Spotlight presentation: Deep Learning 2
Tue 20 Jul 5 p.m. PDT — 6 p.m. PDT

Abstract:

Deep equilibrium networks (DEQs) are a new class of models that eschews traditional depth in favor of finding the fixed point of a single non-linear layer. These models have been shown to achieve performance competitive with the state-of-the-art deep networks while using significantly less memory. Yet they are also slower, brittle to architectural choices, and introduce potential instability to the model. In this paper, we propose a regularization scheme for DEQ models that explicitly regularizes the Jacobian of the fixed-point update equations to stabilize the learning of equilibrium models.
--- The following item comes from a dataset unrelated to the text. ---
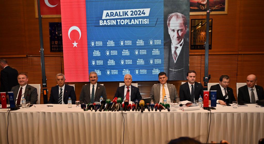 Bursa Büyükşehir Belediye Başkanı Mustafa Bozbey, göreve başladığı günden bu yana geçen 9 aylık dönemde belediye ve iştirakler tarafından gerçekleştirilen faaliyetleri ve hayata geçirilen hizmetleri ‘Yıl Sonu Değerlendirme Toplantısı’nda kamuoyuyla paylaştı. Merinos Atatürk Kongre ve Kültür Merkezi’ndeki toplantıda, Başkan Mustafa Bozbey’in yanı sıra CHP İl Başkanı Nihat Yeşiltaş, Büyükşehir Belediyesi Genel Sekreteri Doç. Dr. Ergül Halisçelik, Genel Sekreter Yardımcıları, daire başkanları ve çok sayıda basın mensubu katıldı. Başkan Mustafa Bozbey, ‘Eğitime destek, Toplumsal eşitlik ve sosyal destek, Besaş, Burfaş, kadınlara yönelik çalışmalar, çiftçi destekleri ve tarıma yatırım, Tarım Peyzaj AŞ, ulaşım ve altyapı, yakın zamanda başlayacak ulaşım projeleri, turizm ve kent tarihi, 1/100.000’lik Çevre Düzeni Planı, kentsel dönüşüm, Burkent, Buski yatırımları, Burulaş, fen işleri projeleri, 2025 yılında tamamlanması planlanan projeler, park bahçeler, kültür sanat, çevre koruma, itfaiye, sağlık hizmetleri, gençlik ve spor, dış ilişkiler, Kültür AŞ, belediyenin mülkiyetinden çıkan taşınmazlar ile BBB, Buski ve şirketlerin borç durumu hakkında gazetecilere bilgi verdi.

We show that this regularization adds only minimal computational cost, significantly stabilizes the fixed-point convergence in both forward and backward passes, and scales well to high-dimensional, realistic domains (e.g., WikiText-103 language modeling and ImageNet classification). Using this method, we demonstrate, for the first time, an implicit-depth model that runs with approximately the same speed and level of performance as popular conventional deep networks such as ResNet-101, while still maintaining the constant memory footprint and architectural simplicity of DEQs. Code is available https://github.com/locuslab/deq.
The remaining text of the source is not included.